А буду ли я когда-нибудь выступать на турнирах? Захочет ли будущий Лу фехтовать? А можно ли фехтовать в космосе? Думаю, это крайне сложно в состоянии невесомости.
– Но ты сказал… – начинает Люсия, потом лицо ее меняется, вытягивается от удивления. – О… ты имеешь в виду… ты решил пройти лечение?
– Да, – отвечаю я.
Смотрю на Марджори. Она смотрит на Люсию, потом на меня, потом снова на нее. Не помню, рассказывал ли я Марджори про лечение.
– Когда? – спрашивает Люсия, пока я пытаюсь сообразить, как объяснить все Марджори.
– Начну в понедельник, – говорю я. – Еще нужно подготовиться. Я перееду в клинику.
– Ты заболел? – спрашивает Марджори – она очень побледнела. – Что с тобой?
– Я не болен, – говорю я ей. – Существует экспериментальное лечение, которое может сделать меня нормальным.

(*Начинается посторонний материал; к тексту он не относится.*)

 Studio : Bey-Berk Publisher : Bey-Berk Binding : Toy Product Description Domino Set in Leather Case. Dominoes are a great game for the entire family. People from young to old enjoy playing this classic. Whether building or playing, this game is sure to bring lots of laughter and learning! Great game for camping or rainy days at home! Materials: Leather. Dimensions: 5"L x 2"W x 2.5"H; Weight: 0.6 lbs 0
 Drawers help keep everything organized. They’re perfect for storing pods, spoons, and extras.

– Нормальным? Лу, ты и так нормальный! Мне нравится, какой ты сейчас! Тебе не нужно становиться другим. Кто тебе это внушил?

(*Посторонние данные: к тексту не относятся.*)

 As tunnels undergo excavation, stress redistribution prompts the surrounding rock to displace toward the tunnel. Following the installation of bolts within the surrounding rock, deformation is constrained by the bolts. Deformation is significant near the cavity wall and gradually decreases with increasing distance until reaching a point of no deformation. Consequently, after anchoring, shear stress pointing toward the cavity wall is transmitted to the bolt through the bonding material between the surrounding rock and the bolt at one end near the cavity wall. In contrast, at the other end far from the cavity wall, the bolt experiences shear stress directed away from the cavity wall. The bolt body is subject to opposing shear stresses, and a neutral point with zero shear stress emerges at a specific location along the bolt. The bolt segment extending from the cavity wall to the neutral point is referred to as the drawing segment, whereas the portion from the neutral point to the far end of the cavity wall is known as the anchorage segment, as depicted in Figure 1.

Она будто бы сердится. Не знаю, на кого – на меня или на того, кто, по ее мнению, мне это внушил. Не знаю, рассказать ли ей всю историю или только часть. Расскажу все.
– Началось с того, что мистер Крэншоу – мой начальник – захотел сократить весь наш отдел, – начинаю я. – Он узнал про новое лечение. Сказал, что это сэкономит деньги.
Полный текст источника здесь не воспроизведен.